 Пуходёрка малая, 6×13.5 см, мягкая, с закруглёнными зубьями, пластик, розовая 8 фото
------------------------------
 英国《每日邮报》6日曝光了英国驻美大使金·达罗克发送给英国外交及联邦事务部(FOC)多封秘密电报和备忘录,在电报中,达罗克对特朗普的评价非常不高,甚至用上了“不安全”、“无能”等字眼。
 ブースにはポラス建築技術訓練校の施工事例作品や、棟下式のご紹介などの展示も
------------------------------
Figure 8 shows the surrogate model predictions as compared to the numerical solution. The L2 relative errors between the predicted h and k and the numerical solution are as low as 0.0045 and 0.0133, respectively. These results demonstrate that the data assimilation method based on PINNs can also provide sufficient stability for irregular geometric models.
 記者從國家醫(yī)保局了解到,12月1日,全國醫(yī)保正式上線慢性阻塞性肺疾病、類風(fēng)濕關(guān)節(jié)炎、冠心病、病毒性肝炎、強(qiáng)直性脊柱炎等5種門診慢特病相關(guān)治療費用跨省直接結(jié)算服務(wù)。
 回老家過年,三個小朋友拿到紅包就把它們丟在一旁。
------------------------------
# [AIM OF THE TASK]
Of the lines above, retype only those from the line containing "英国《每日邮报》6日曝光了英" through the line containing "ブースにはポラス建築技術訓練校の施工事例作品や、棟下式のご紹介などの展示も", including both, exactly.

# [RESPONSE TO THIS TASK]
 英国《每日邮报》6日曝光了英国驻美大使金·达罗克发送给英国外交及联邦事务部(FOC)多封秘密电报和备忘录,在电报中,达罗克对特朗普的评价非常不高,甚至用上了“不安全”、“无能”等字眼。
 ブースにはポラス建築技術訓練校の施工事例作品や、棟下式のご紹介などの展示も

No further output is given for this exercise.